- Education: MIT and Harvard University
- Known for: High-precision spectroscopy and Quantum Optics
- Awards: Fellow of the American Physical Society (2018) Francis M. Pipkin Award Recipient (2019)

= Tanya Zelevinsky =

American scientist

Tanya Zelevinsky is a professor of physics at Columbia University. Her research focuses on high-precision spectroscopy of cold molecules for fundamental physics measurements, including molecular lattice clocks, ultracold molecule photodissociation, as well as cooling and quantum state manipulation techniques for diatomic molecules with the goal of testing the Standard Model of particle physics. Zelevinsky graduated from MIT in 1999 and received her Ph.D. from Harvard University in 2004 with Gerald Gabrielse as her thesis advisor. Subsequently, she worked as a post-doctoral research associate at the Joint Institute for Laboratory Astrophysics (JILA) with Jun Ye on atomic lattice clocks. She joined Columbia University as an associate professor of physics in 2008. Professor Zelevinsky became a Fellow of the American Physical Society in 2018 and received the Francis M. Pipkin Award in 2019.

== Research ==
Zelevinsky is known for her pioneering experiments with ultracold strontium, an alkaline earth element. Zelevinsky performed seminal work on the strontium optical lattice clock in the group of Jun Ye at JILA and was the first to use narrow-linewidth laser light to create diatomic molecules of this class in an optical lattice at ultracold temperatures, determining their molecular binding energies to a greater precision than was previously achievable in molecular beam and heat-pipe studies. This has the potential to furnish an ensemble of molecular clocks where quantized molecular vibrations determine the 'ticking' rate.
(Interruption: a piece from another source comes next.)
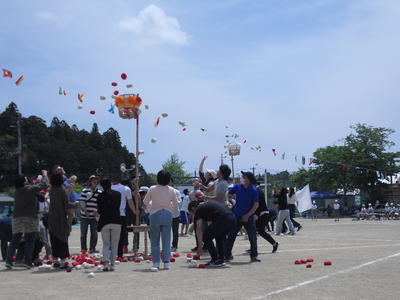 「学年対抗玉入れ(PTA)」:子どもたちへの模範演技でした。

Together with Robert Moszyński and her students, Zelevinsky settled a long-standing question about the role of quantum interference in the angular patterns of molecular photofragments. At a temperature of tens of millikelvin, the work constitutes one of the first clear demonstrations of quantum photochemistry. Additionally, Zelevinsky is exploring ways to experimentally cool molecules in order to manipulate and study them using a combination of buffer gas cooling and laser cooling with the goal of creating magneto-optical traps of exotic gases. Zelevinsky is also one of the principal investigators of the CeNTREX collaboration with David DeMille to search for the deformation in the shape of atomic nuclei known as a Schiff moment using the thallium fluoride molecule.

== Education ==
While an undergraduate at Massachusetts Institute of Technology, Zelevinsky attended a summer school on atomic physics in Los Alamos. She recalls this as an important part of her career and said "I really enjoyed the fact that only two or three investigators work on the experiments and that one can experience and understand the whole project".